### AVAILABLE DATA ###
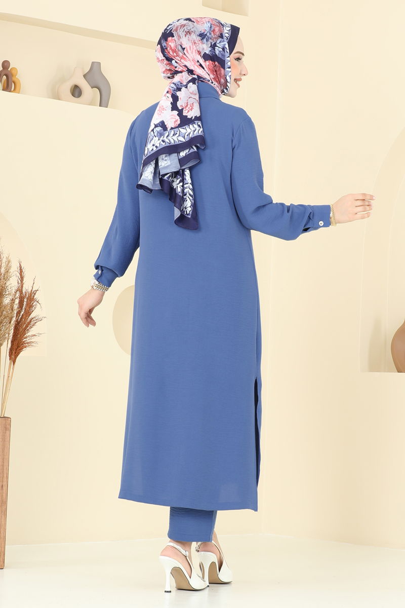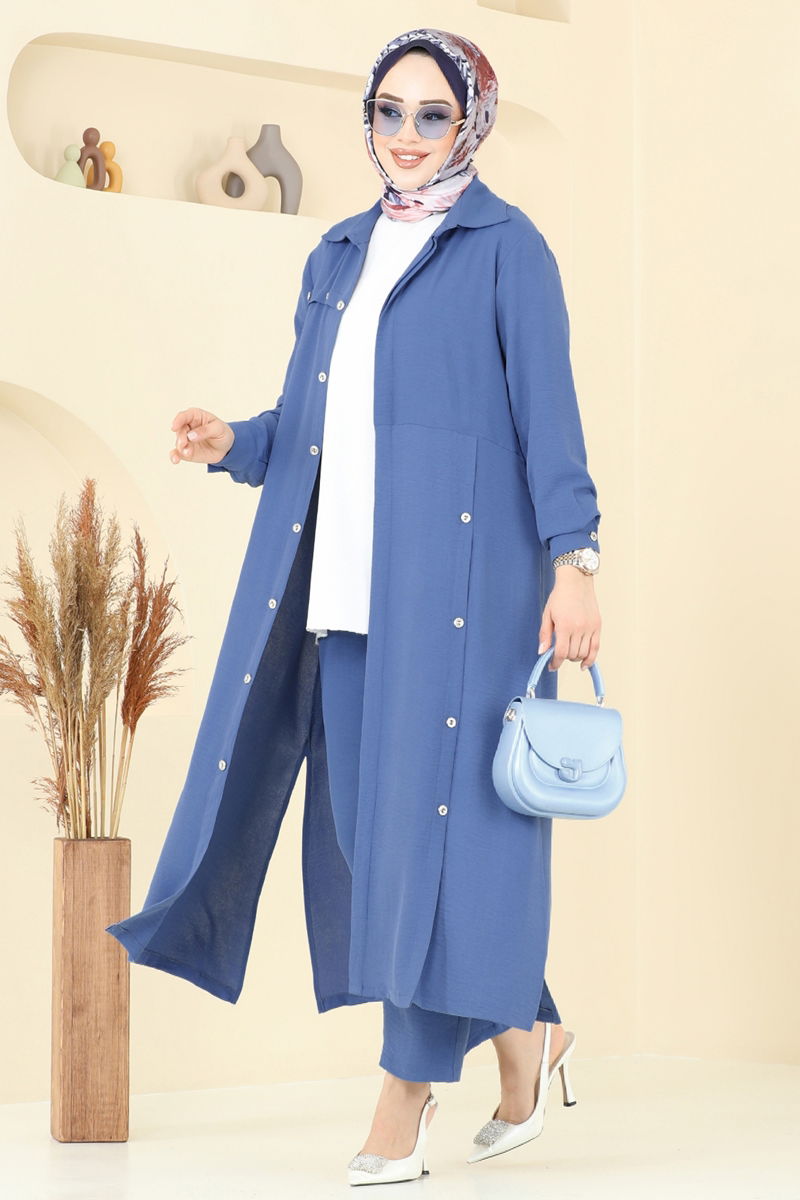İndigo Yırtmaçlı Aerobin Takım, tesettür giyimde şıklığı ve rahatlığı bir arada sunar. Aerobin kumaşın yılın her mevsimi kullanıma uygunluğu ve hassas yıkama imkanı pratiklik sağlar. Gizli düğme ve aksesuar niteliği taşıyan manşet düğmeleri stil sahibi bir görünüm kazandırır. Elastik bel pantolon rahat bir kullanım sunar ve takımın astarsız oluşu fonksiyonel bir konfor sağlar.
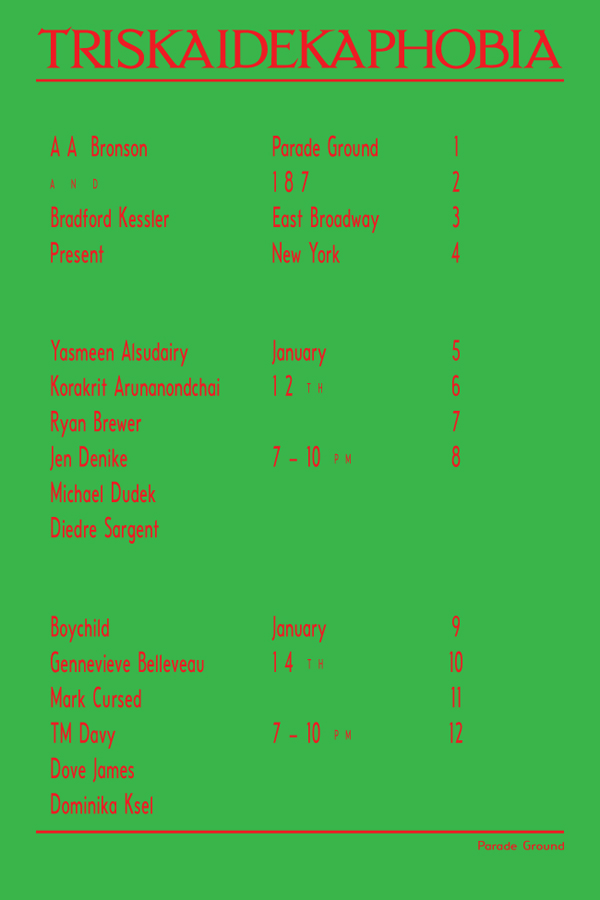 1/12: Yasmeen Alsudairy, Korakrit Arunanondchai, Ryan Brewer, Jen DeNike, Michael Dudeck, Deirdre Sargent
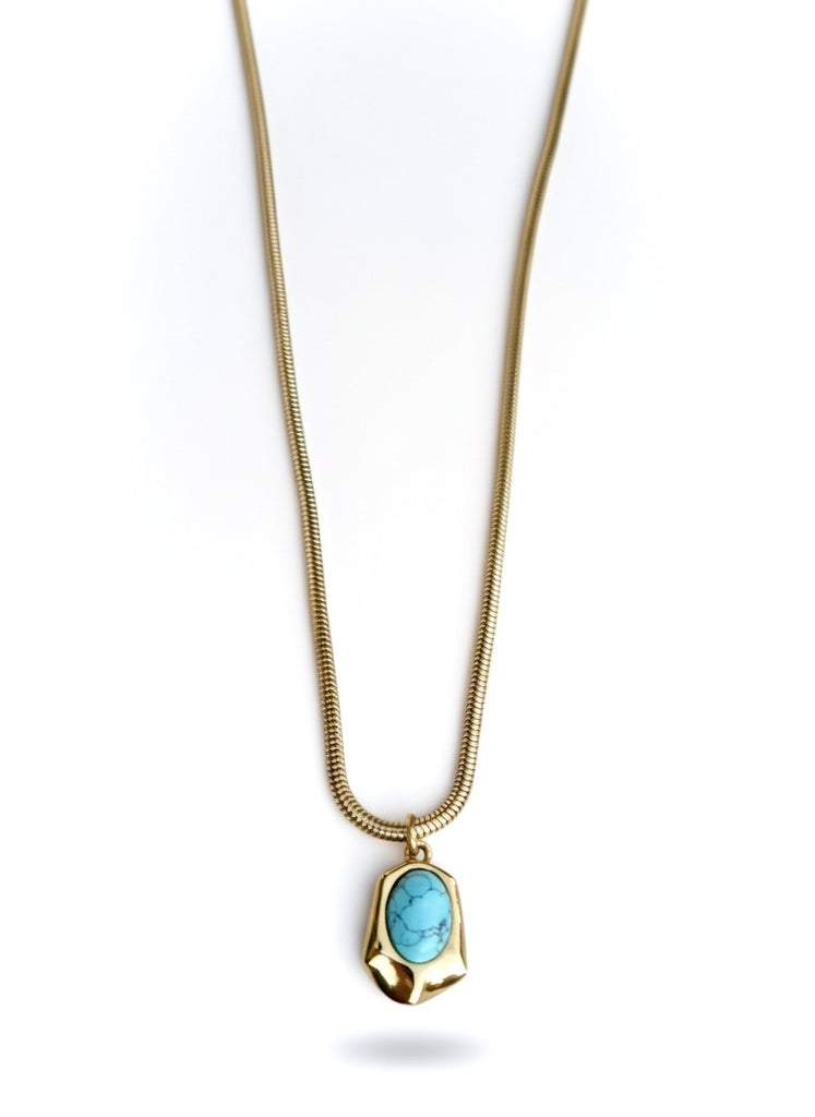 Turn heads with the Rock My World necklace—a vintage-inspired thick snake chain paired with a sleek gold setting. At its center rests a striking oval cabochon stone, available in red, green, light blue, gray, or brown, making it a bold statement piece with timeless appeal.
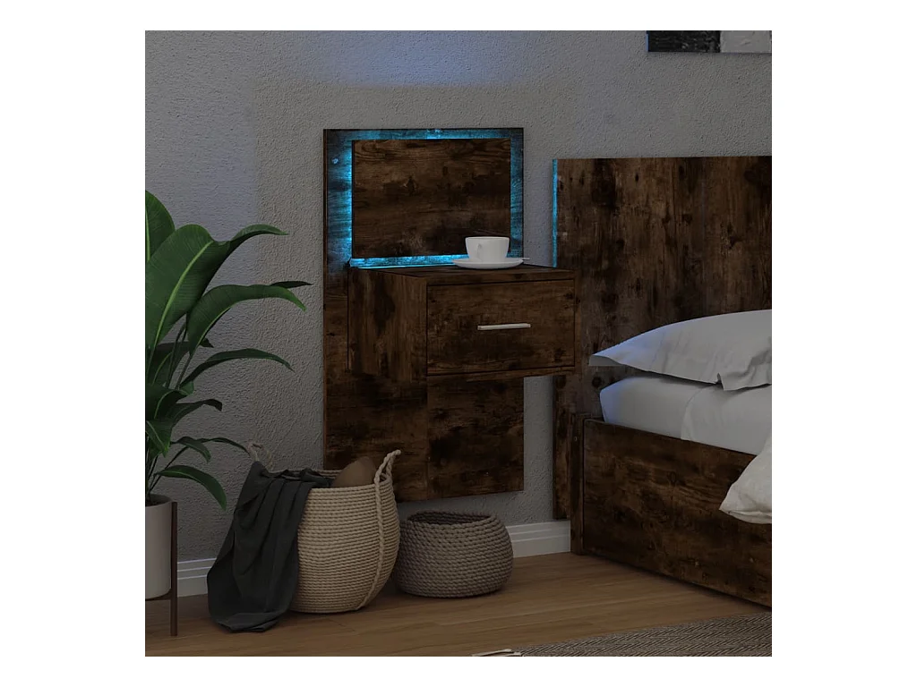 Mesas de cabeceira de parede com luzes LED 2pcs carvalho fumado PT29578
###
### AVAILABLE DATA ###
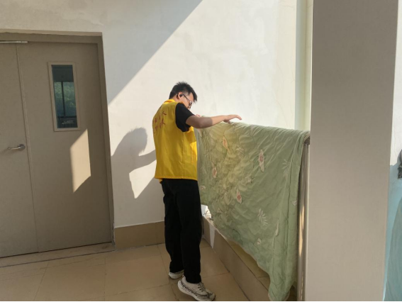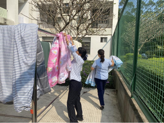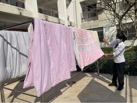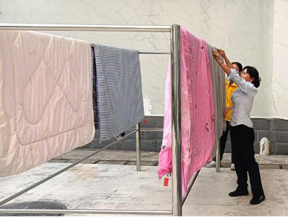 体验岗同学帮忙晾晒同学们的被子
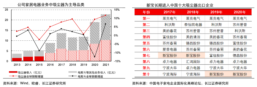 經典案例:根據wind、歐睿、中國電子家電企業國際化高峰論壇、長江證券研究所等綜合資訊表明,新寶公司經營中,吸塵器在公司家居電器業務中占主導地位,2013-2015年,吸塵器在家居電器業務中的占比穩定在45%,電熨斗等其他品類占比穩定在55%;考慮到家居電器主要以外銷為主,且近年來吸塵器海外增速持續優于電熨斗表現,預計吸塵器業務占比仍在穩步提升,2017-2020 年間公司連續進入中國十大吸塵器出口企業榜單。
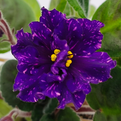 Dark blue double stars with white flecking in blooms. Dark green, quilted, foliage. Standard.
###
### AVAILABLE DATA ###
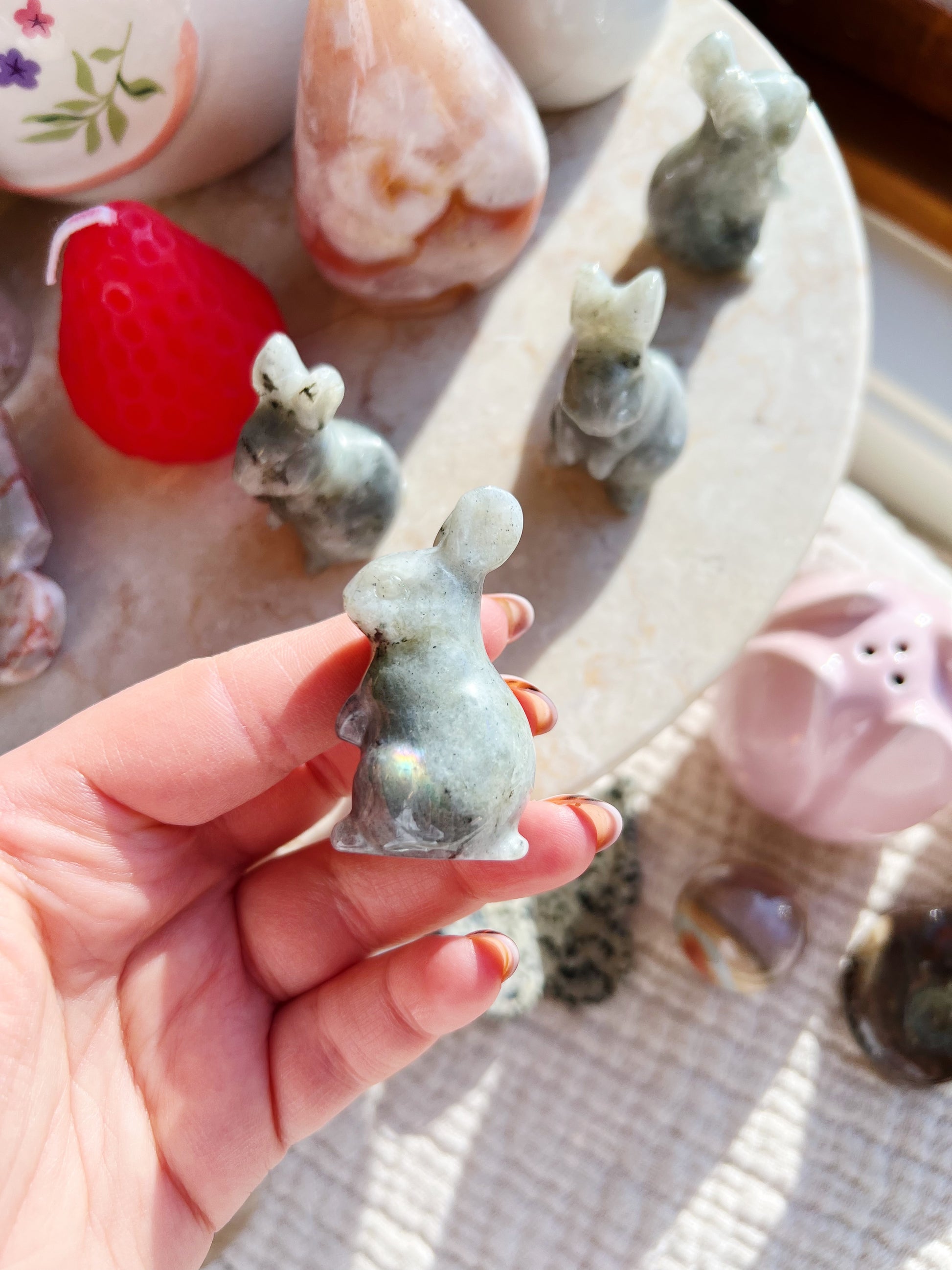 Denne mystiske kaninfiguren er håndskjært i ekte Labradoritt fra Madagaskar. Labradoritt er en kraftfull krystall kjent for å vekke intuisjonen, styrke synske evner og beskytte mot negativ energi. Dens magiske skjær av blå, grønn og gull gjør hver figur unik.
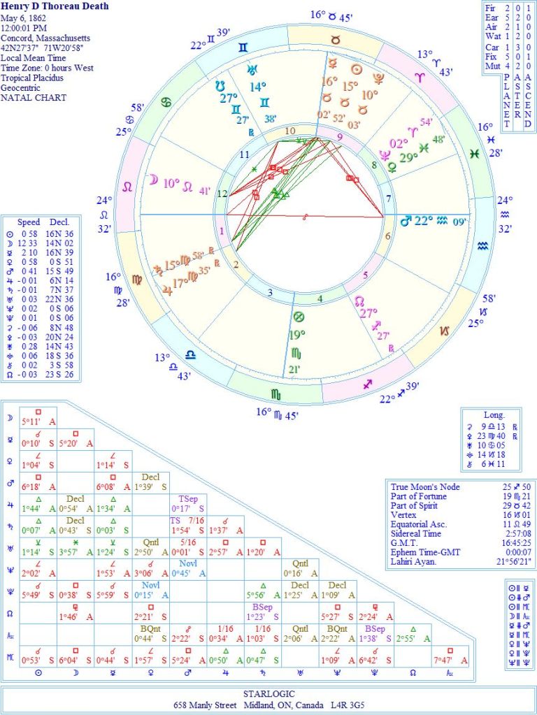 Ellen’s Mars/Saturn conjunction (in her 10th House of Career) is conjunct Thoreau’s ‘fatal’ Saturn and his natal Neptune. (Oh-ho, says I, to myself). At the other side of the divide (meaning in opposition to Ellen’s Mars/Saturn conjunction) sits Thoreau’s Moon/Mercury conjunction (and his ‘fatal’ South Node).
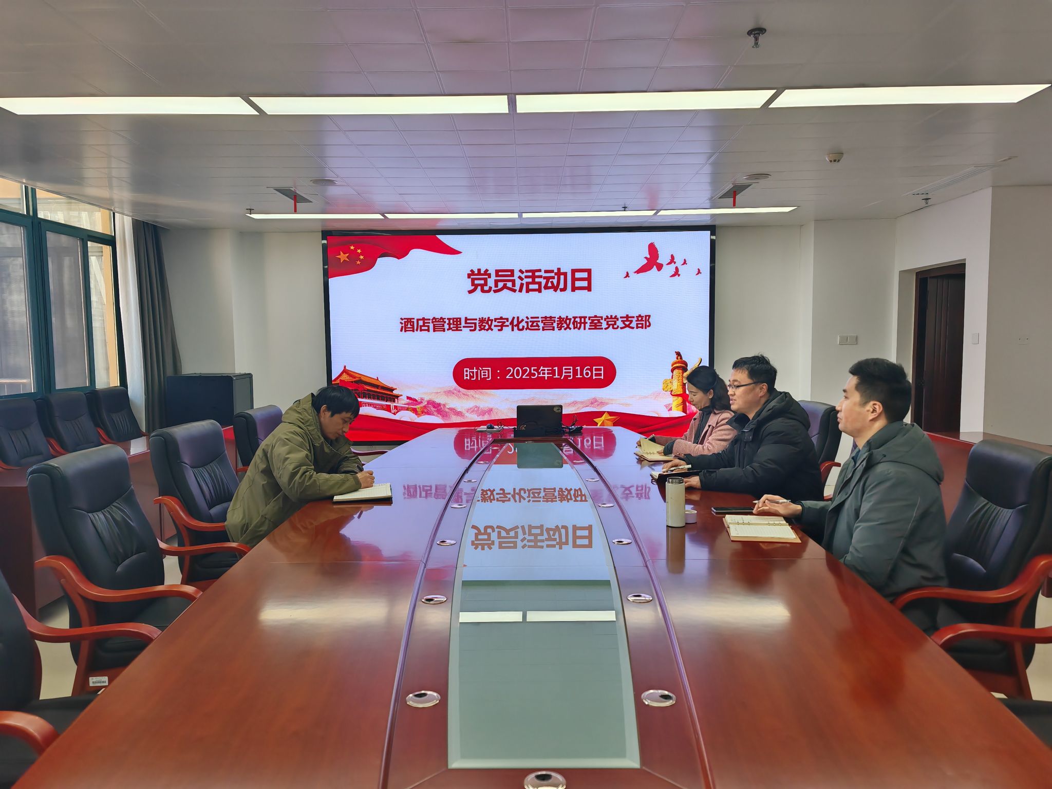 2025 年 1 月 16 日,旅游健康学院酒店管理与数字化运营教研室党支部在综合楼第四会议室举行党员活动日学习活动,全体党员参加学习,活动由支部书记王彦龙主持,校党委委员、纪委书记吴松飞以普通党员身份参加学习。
###
### [EXERCISE REQUIREMENTS]
Give back the exact lines above, running from the one that has "Turn heads with" through the one that has "Mesas de cabeceira", with nothing added and no pictures.

### [OUTPUT]
 Turn heads with the Rock My World necklace—a vintage-inspired thick snake chain paired with a sleek gold setting. At its center rests a striking oval cabochon stone, available in red, green, light blue, gray, or brown, making it a bold statement piece with timeless appeal.
 Mesas de cabeceira de parede com luzes LED 2pcs carvalho fumado PT29578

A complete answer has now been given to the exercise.